WORK REQUIRED: Only the lines below from the one that contains "Utvendig har de" through the one that contains "橢圓形、黃褐色的獼猴桃掛滿枝頭。" should appear in your answer, exact and without pictures.

PROVIDED DATA:
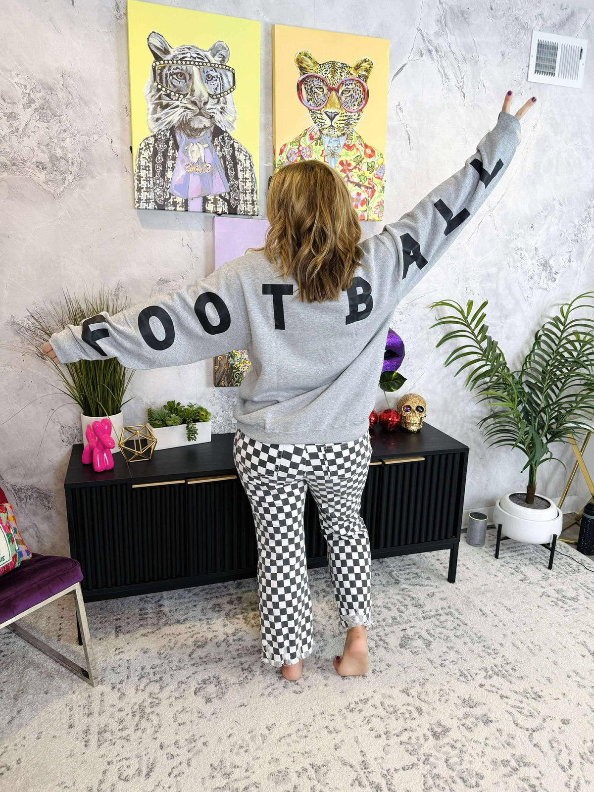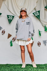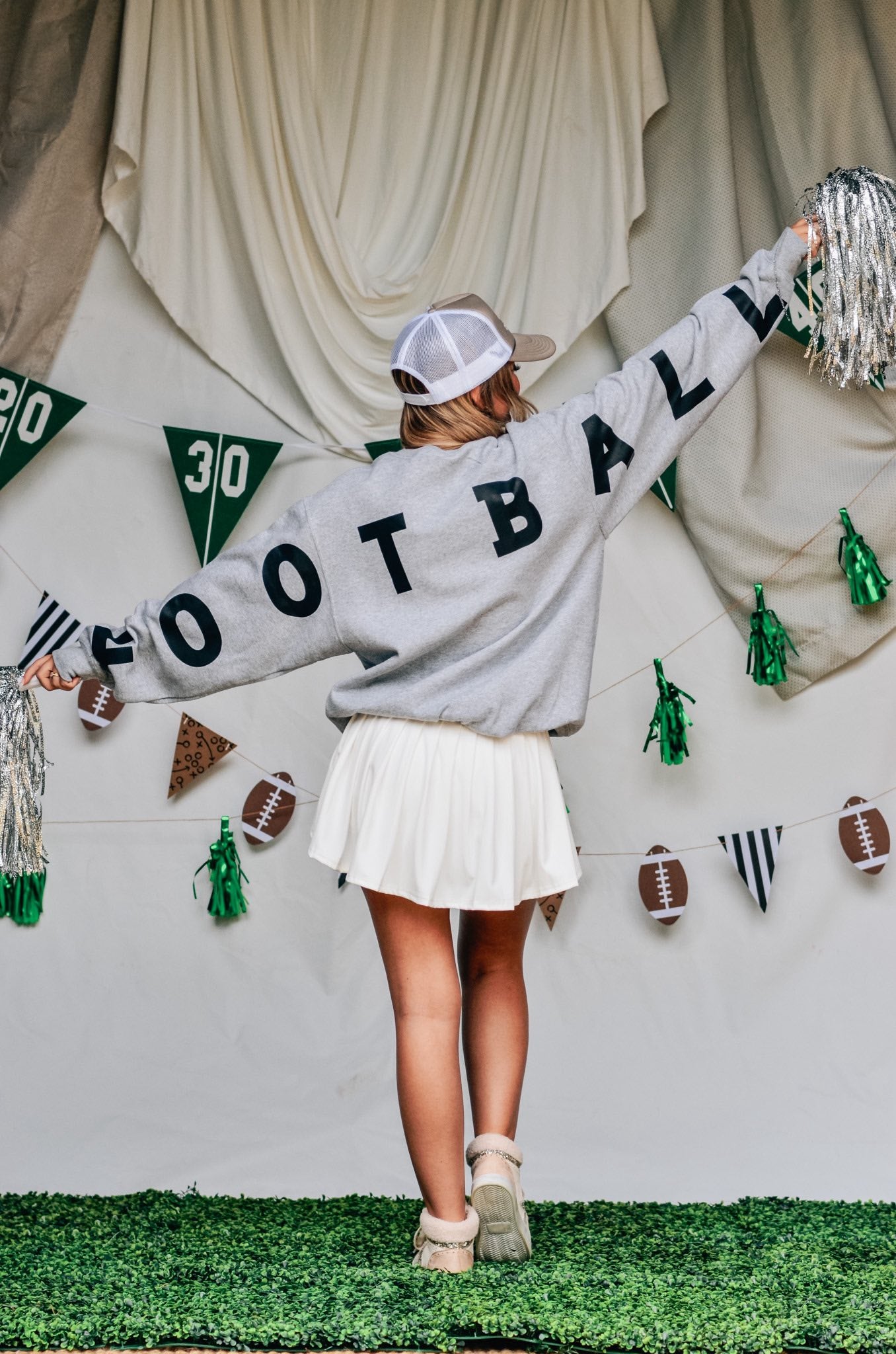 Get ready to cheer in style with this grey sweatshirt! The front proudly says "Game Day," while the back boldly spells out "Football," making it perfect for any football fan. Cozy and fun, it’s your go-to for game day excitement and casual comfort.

==

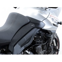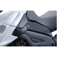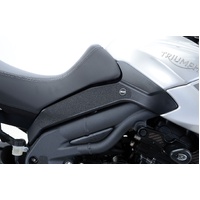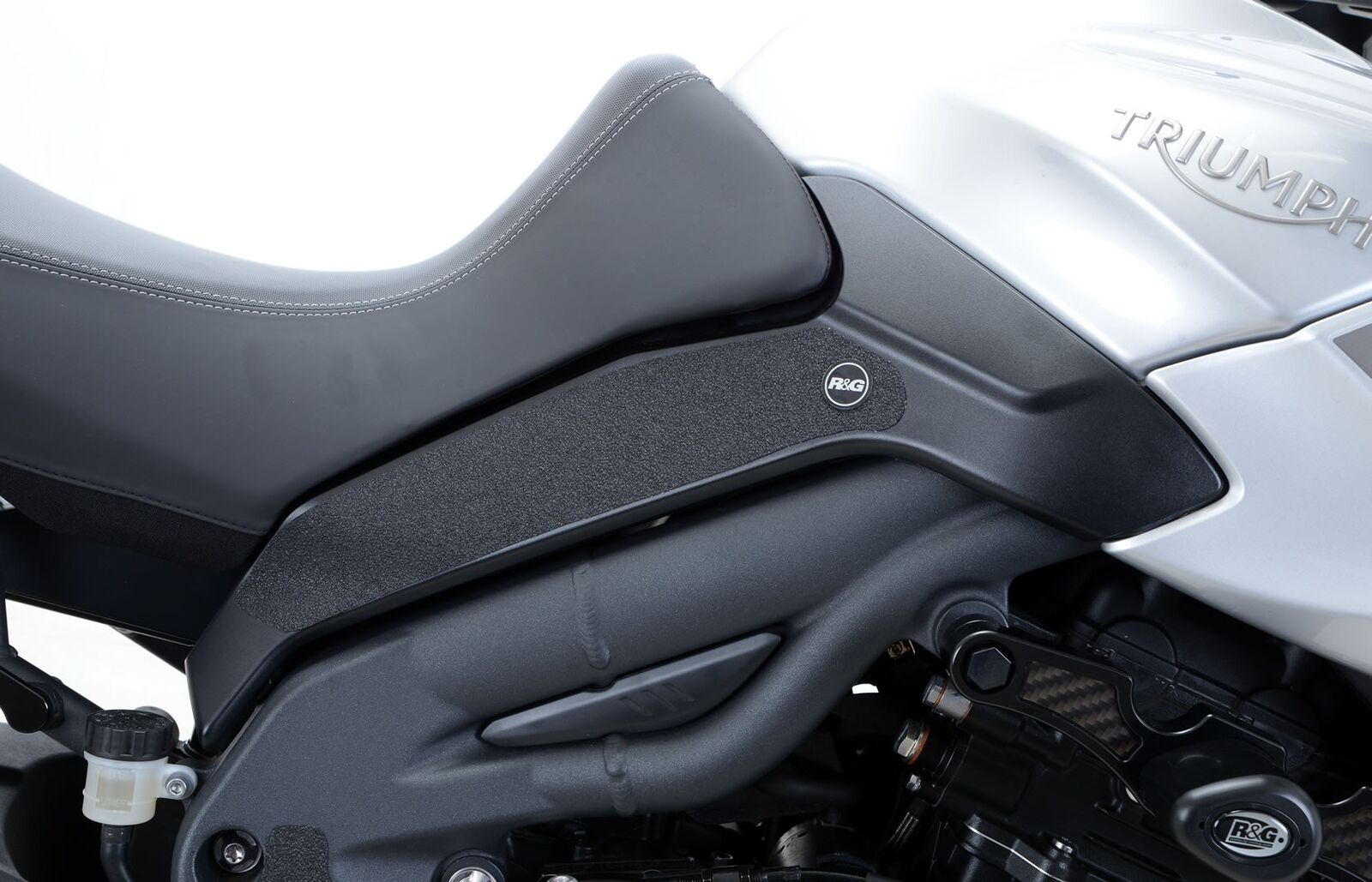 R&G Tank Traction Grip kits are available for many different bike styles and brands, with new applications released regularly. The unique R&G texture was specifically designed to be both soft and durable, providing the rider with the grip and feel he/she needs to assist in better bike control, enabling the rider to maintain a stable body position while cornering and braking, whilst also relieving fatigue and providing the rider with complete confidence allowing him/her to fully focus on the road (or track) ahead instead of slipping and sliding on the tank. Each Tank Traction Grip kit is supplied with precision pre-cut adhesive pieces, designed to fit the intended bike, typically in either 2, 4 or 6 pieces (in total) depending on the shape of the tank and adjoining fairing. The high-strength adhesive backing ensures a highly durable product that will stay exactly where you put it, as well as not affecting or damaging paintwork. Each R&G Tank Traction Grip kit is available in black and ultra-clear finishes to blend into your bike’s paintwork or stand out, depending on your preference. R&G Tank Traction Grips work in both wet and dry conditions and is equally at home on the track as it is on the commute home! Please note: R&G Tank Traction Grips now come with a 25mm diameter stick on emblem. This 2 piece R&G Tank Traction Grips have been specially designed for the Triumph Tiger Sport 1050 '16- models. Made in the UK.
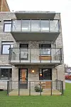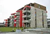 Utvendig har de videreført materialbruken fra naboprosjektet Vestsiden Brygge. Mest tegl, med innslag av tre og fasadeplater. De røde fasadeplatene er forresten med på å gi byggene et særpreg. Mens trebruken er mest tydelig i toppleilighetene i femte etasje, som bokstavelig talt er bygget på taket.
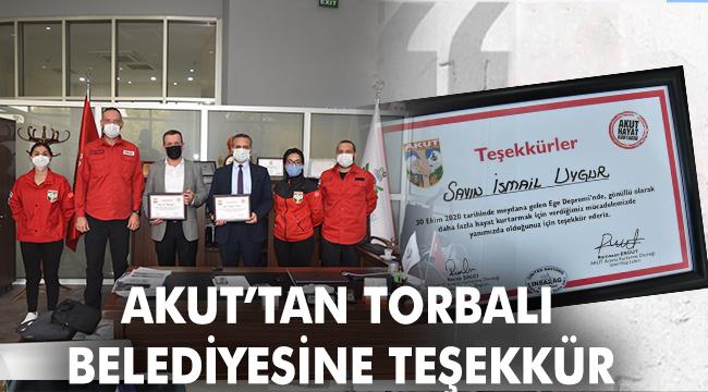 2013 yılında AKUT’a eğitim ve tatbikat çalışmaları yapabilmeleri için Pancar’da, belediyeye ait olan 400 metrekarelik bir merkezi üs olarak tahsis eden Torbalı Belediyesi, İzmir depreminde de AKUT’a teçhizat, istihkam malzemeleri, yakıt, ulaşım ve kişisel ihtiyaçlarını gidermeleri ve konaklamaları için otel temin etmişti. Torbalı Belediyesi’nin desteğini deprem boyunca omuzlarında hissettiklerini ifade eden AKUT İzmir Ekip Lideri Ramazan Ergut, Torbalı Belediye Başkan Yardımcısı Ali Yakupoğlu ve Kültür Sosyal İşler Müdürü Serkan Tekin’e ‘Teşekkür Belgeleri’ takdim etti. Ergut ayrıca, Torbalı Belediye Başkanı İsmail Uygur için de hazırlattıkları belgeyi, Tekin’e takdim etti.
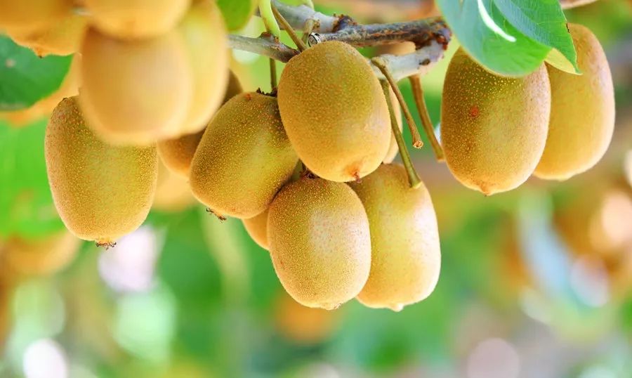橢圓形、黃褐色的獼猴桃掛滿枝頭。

RESPONSE TO THIS EXERCISE:
 Utvendig har de videreført materialbruken fra naboprosjektet Vestsiden Brygge. Mest tegl, med innslag av tre og fasadeplater. De røde fasadeplatene er forresten med på å gi byggene et særpreg. Mens trebruken er mest tydelig i toppleilighetene i femte etasje, som bokstavelig talt er bygget på taket.
 2013 yılında AKUT’a eğitim ve tatbikat çalışmaları yapabilmeleri için Pancar’da, belediyeye ait olan 400 metrekarelik bir merkezi üs olarak tahsis eden Torbalı Belediyesi, İzmir depreminde de AKUT’a teçhizat, istihkam malzemeleri, yakıt, ulaşım ve kişisel ihtiyaçlarını gidermeleri ve konaklamaları için otel temin etmişti. Torbalı Belediyesi’nin desteğini deprem boyunca omuzlarında hissettiklerini ifade eden AKUT İzmir Ekip Lideri Ramazan Ergut, Torbalı Belediye Başkan Yardımcısı Ali Yakupoğlu ve Kültür Sosyal İşler Müdürü Serkan Tekin’e ‘Teşekkür Belgeleri’ takdim etti. Ergut ayrıca, Torbalı Belediye Başkanı İsmail Uygur için de hazırlattıkları belgeyi, Tekin’e takdim etti.
橢圓形、黃褐色的獼猴桃掛滿枝頭。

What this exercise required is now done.